Umamah Bakharia ub@radioislam.co.za

3 min read
4 November 2022 | 10:00 am CAT

Protests in Iran continue following the death of Mahsa Amini, a 22-year-old Kurdish woman who was allegedly killed in Tehran by morality police for improperly wearing her scarf.

 

Photo credit: AP/Vahid Salemi

 

Since then, forty prominent human rights lawyers in Iran are publicly criticising the country’s rulers, which they say will be unsuccessful because protesters no longer care about violent crackdowns.

“The government is still drowning in illusions and believes it can repress, arrest and kill to silence,” the lawyers said in a statement sent to Reuters.

“But the flood of people will ultimately remove a government because the divine will side with the people. The voice of the people is the voice of God.”

Speaking to Radio Islam International on this week’s ‘Media Lens’, analyst Ebrahim Deen says protests have been increasing since 2019 when Iranians protested against water and electricity prices. However, since then, the government has not been able to curb the protests.

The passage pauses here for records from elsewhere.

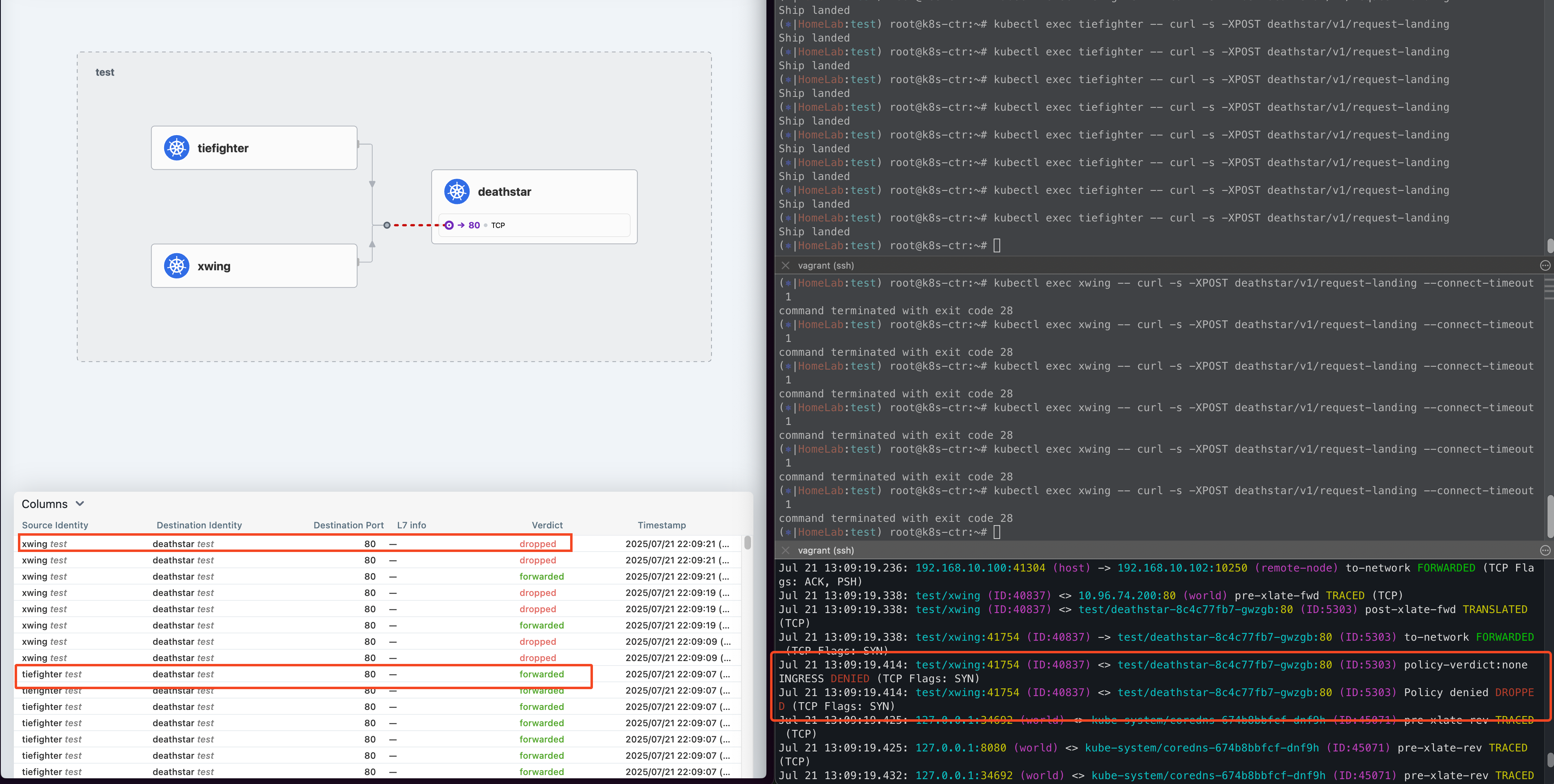 curl로 테스트해보면 위 그림과 같이 xwing에서는 호출이 실패하고, tiefighter에서는 허용되는 모습을 볼 수 있다.
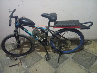 Benzin mühərrikli velosiped - Gövdə: mavi rəngli, şəhər/trek tipli velosiped çərçivəsi - Mühərrik: karbüratorlu 2T (iki taktlı) benzin mühərriki, çərçivəyə quraşdırılıb - Yanacaq sistemi: üst boru...
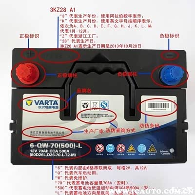 1.菲翔原车电瓶为12V黑标瓦尔塔(L2-400),具体型号为6-QW-60(540)-L;额定容量60Ah,额定冷启动电流值540A(EN),该电瓶低温性能、蓄电功能及充电能力均较差;

“The government at the moment doesn’t know how to deal with [protestors] and the fact of the clerical establishment who has bought into the system- which had worked quite well, and so there’s very little support for government action, but again, there’s also the support of the protestors only seem to be a certain age group,” he says.

Deen adds that the media coverage has been focusing on ‘anti-hijab’ narratives. However, some major news outlets, like Al Jazeera etc., have looked at the situation in Iran as a socialist culmination.

“Also, the fact that the situation in Iran politically has worsened over the past 4 years – freedom has become more conceited and more people are alienated from the governing regime, but the general narrative has been on the ‘anti-hijab’ protests mainly because of Western media and also because of Irans role in supporting Russia in Ukraine,” he says.

In past years violent protests erupted in Iran over election results and economic challenges, but the current unrest has one main demand — the abolishment of the Islamic Republic.

Since Amini’s death, Iran has denied allegations by human rights groups that it abuses prisoners.